Regarding the projection of features, it is recognized that the citations and evidence provided above are derived from potentially different embodiments of a single reference (section 3.2.2 of Yang describes the Feature Distillation approach, not the Masked Feature Distillation). Nevertheless, it would have been obvious, before the effective filing date of the claimed invention, to a person having ordinary skill in the art to which the claimed invention pertains to employ combinations and sub-combinations of these complementary embodiments, because both feature distillation methods described by Yang utilize the same encoding architectures and loss values. Additionally, the projecting of features to a dimensionality of a teacher model is a known-technique in the art.
Yang fails to explicitly teach (1) wherein the text phrase is a masked text phrase comprising a text description of the digital image with one or more masked tokens; and (2) wherein the pretrained model is a pretrained large language model (emphasis added).
However, Dong similarly teaches a CLIP (Contrastive Language Image Pre-training) model (Dong, MaskCLIP). Dong teaches wherein the text phrase is a masked text phrase comprising a text description of the digital image with one or more masked tokens (Dong, Masked text description in FIG 1d; section 3.3 on pg. 10998: “masked text tokens”). It would have been obvious to a person having ordinary skill in the art, before the effective filing date of the claimed invention, to have combined the masked text description, as taught by Dong, in the MFD CLIP model in the method of Yang in order to improve the model by jointly learning representations of the image and their corresponding masked descriptions, described by Dong as follows (Dong, last para on pg. 10995: “the learned representation for local patches shall possess semantic meanings, being consistent with the global representation receiving semantic text supervision”; 3rd para on pg. 10996: “we argue that local semantic supervision on the text branch is also helpful for the text encoder and eventually beneficial for zero-shot performance. So we introduce the same mask-data-modeling format supervision into the text branch as well”).

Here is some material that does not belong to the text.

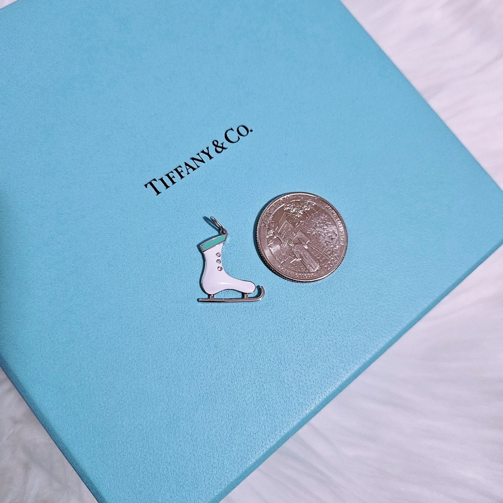 🩵FLASH SALE🩵 Introducing a highly sought-after piece from Tiffany & Co., this exquisite platinum enamel charm/ pendant features a beautiful ice skate design. It is intricately crafted with 950 metal purity and adorned with 3 sparkling round diamonds. This rare piece is a perfect addition to any jewelry collection and a unique gift for any occasion. Like new condition. May have light scratches from storage. The same one currently goes for $1795. My loss is your gain! Comes with a vintage Tiffany blue paper box. ʕ•ᴥ•ʔ✿ NOTE: I've been a Tiffany lover and collector since 2018. I truly enjoy sharing beautiful, authentic Tiffany & Co. items with others and to support my “blue box” passion. All sales are final, and no returns are accepted for any reason. If a return is requested, a 20% restocking fee will apply. I ensure each item is exactly as described and shown in the photos, so please take a moment to read the descriptions and review the photos carefully. I also record a video before shipping to guarantee everything is in perfect order. ♡ 5-⭐️star rating would be much appreciated! Please ask me if you have any questions before purchase. Thank you!

Additionally, Singh teaches a method wherein a pretrained large language model is utilized as a teacher for a smaller model (Singh, abstract: “apply knowledge
distillation techniques to filter language-specific information from a large multilingual model into a small, fast monolingual model that can often outperform the teacher model”; see Large Language Models in the last para on pg. 3). Accordingly, it would have been obvious to a person having ordinary skill in the art, before the effective filing date of the claimed invention, to have utilized a pretrained large language model to distill knowledge into a smaller model, as taught by Singh, in the method of Yang in view of Dong in order to refine the text encoder of the MFD CLIP model using the extensive language knowledge of a large language model (Singh, 1st para in section 7 on pg. 15: “The experimental results confirmed that language-distillation is viable, especially in low-resourced settings, and the resulting students were often able to outperform the teacher multilingual models while being up to four times smaller and six times faster for inference than their respective teachers”). Distilling knowledge from a large language model (LLM) for a student text embedding provides an advantage due to the extensive language knowledge of the LLM, as opposed to pretrained models less focused on language.
Regarding claim 9 (dependent on claim 8), Yang in view of Dong and Singh teaches wherein the operations further comprise: generating the image embedding by utilizing the vision encoder of the vision-language model to project features from the unified embedding space to a dimensionality of a pretrained vision foundation model (Yang, section 3.2.2 on pg. 3: “when the embedding sizes between the teacher and student are different, we apply a linear projection head to student embeddings to match the dimension”); and modifying the parameters of the vision-language model based on projecting the features to the pretrained vision foundation model (Projection affects the distillation loss value, thus modification of model parameters is based on the projection).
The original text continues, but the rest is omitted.